22. After the interlocutory order had been passed, it was found that Chunilal had died without an issue and Narandas was made a party. The appeal was then heard again. At this stage the Court noticed that Narandas claimed to be the owner of the house in suit, and that he asked that a decree for possession of the house be passed in his (Narandas's) favour. Fawcett J., who delivered the judgment of the Court, considered the new development but he felt that the kind of relief sought by Narandas could not be given as that would turn the present suit as one of quite a different nature. His Lordship observed that it was not necessary to have the dispute between Narandas and Ujam decided before any relief in the suit could be given to the plaintiff. His Lordship made the following observations (p. 452) :.we think the fairest course is to act upon the view taken by this Court in Maganlal Dulabhdas v. Budhar Purshottam I.L.R. (1926) 51 Bom, 149: 39 Bom L.R. 222 s.cand the Madras cases which have been already cited in our previous interlocutory judgment, that the plaintiff alone was competent to sue the defendant who was a trespasser and that her heirs are entitled to a decree for possession against the defendant. But we make it clear that this is on the assumption that she is either the exclusive owner of the house or a co-owner of it with Narandas.

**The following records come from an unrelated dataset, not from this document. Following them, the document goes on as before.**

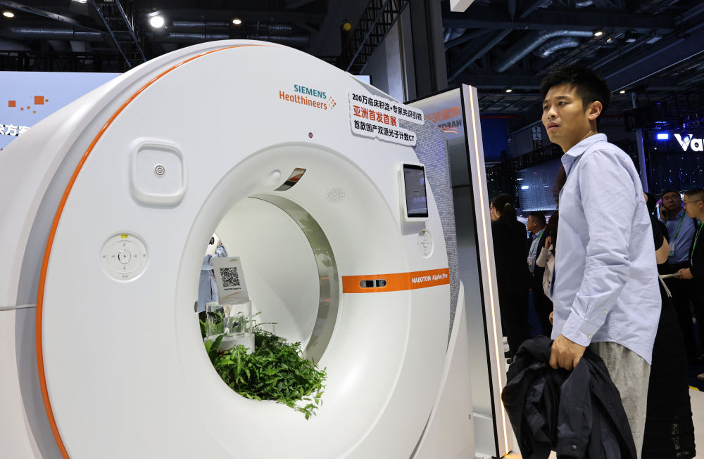 2025年11月6日,參觀者在第八屆進博會醫(yī)療器械及醫(yī)藥保健展區(qū)西門子醫(yī)療展臺駐足觀看一款亞洲首發(fā)首展的CT機展品。進博會是全球新品首發(fā)地,更被視為前沿技術(shù)“首秀地”。
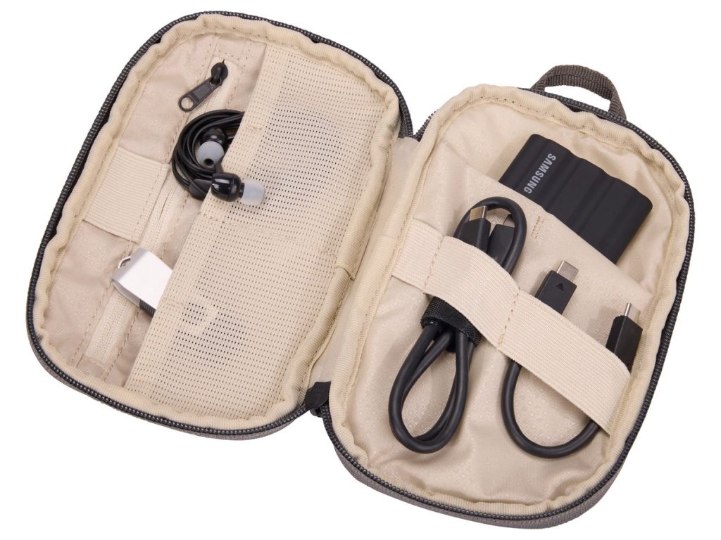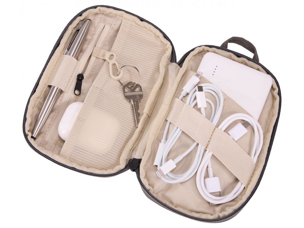 - Usporiadajte si drobné príslušenstvo: Káble, adaptéry, slúchadlá a drobné osobné príslušenstvo môžete usporiadať v rôznych univerzálnych vreckách a elastických pútkach.
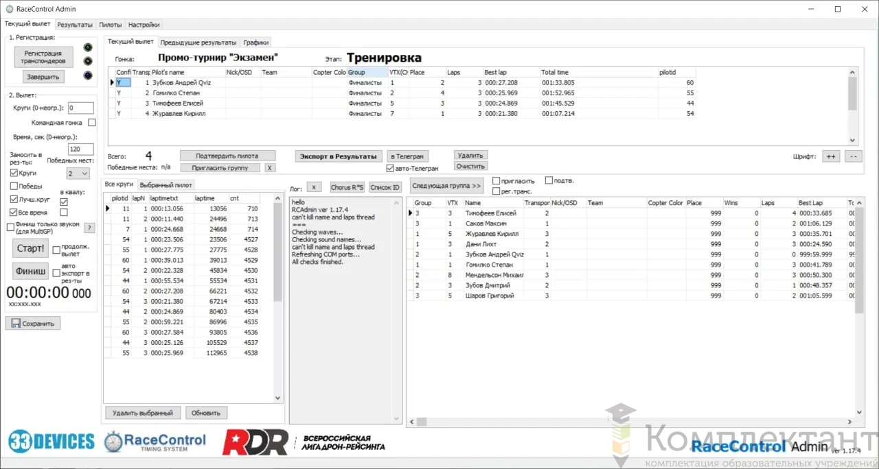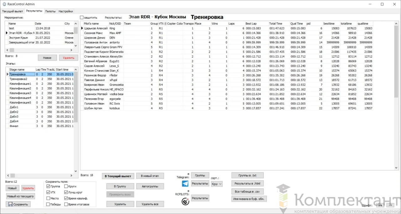 Система хронометража RaceControl была использована практически на всех значимых соревнованиях по дрон-рейсингу начиная с 2017 года (этапы Всероссийского Кубка, серия гонок FPVDudes для начинающих и про, отбор на Чемпионат Европы, Moscow City Games в Лужниках, Армия-2017, РостехДронФест 2019-2020, Экзамены RDR 2022-24, Игры Роспрофжел Фиджитал гонки дронов 2023-24 и так далее). Надежность проверена временем и практикой.
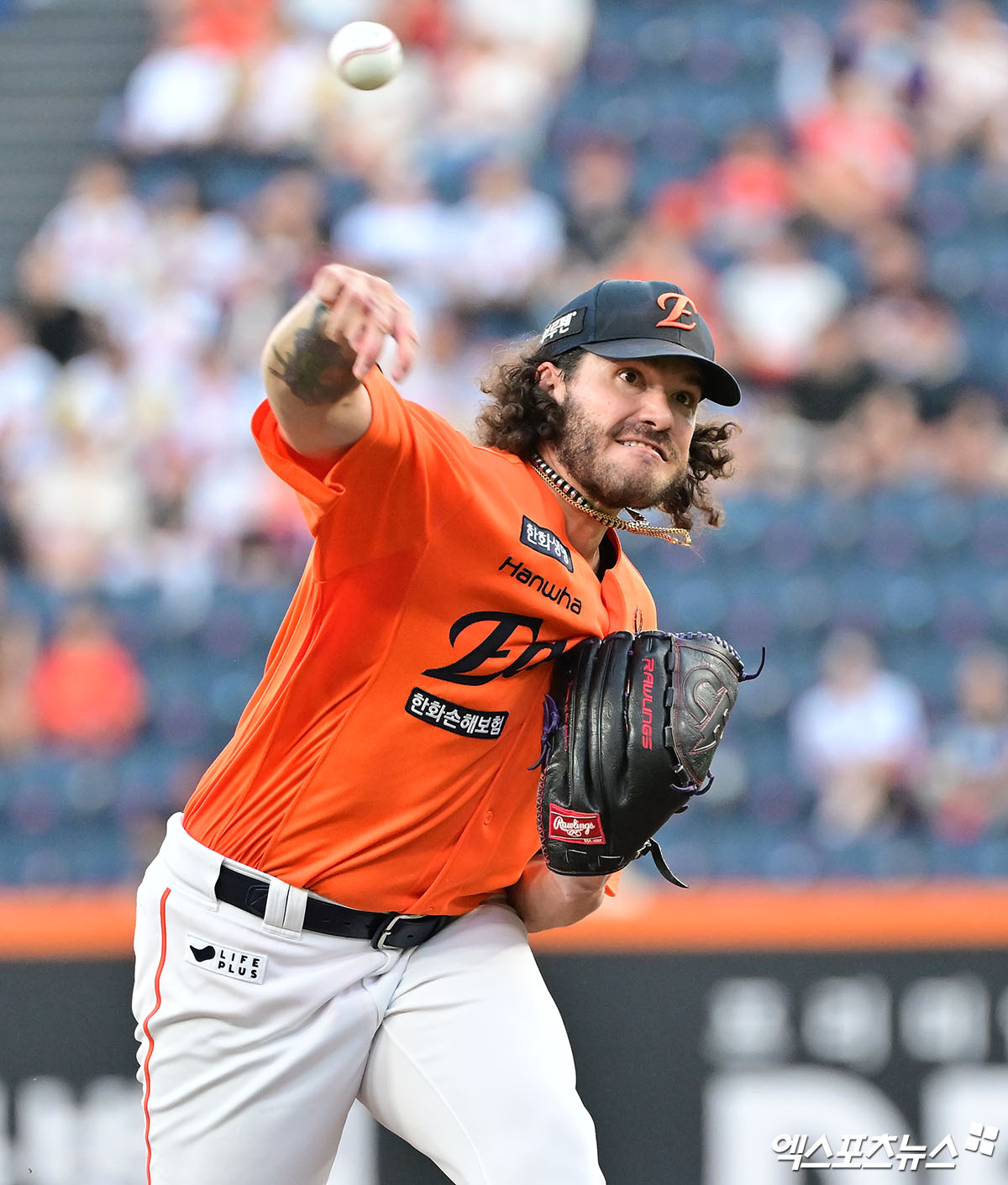 (엑스포츠뉴스 대전, 김한준 기자) 22일 오후 대전 한화생명 볼파크에서 열린 '2025 신한 SOL Bank KBO리그' SSG 랜더스와 한화 이글스의 경기, 1회초 한화 선발투수 폰세가 공을 힘차게 던지고 있다.
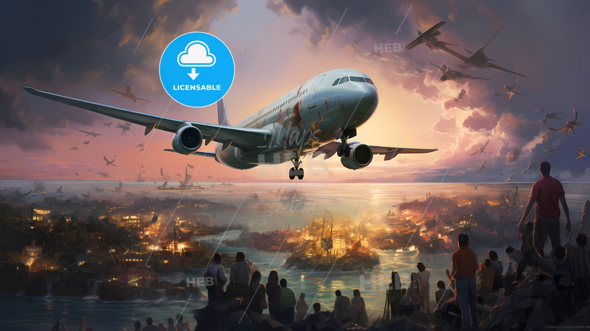 Someone Buying A Cheap Flight, a large airplane flying over a city.

23. I find myself in respectful agreement with this judgment of our High Court and applying it to the facts of this case I find that there can be no objection to the plaintiff (even though he be part owner) obtaining a decree for possession against the defendants who are at the very best trespassers and who have no interest whatsoever in the property. It is, of course, true that ordinarily it would be desirable that co-owners should be parties to a suit for possession against a trespasser, but that is not to say that one out of several co-owners cannot sue to eject a trespasser, particularly when that person claims the whole property for himself. Now, it may happen, as it has in this case, that the Court holds the plaintiff to be only a part-owner. But that in my view cannot defeat the plaintiff in his quest for possession as against a trespasser.
24. In the result I find the judgment of the learned District Judge perfectly consonant with law and the point taken up by Dr. Naik that a decree for possession could not be passed in the circumstances is not tenable and is rejected.
25. The appeal fails and is dismissed with costs.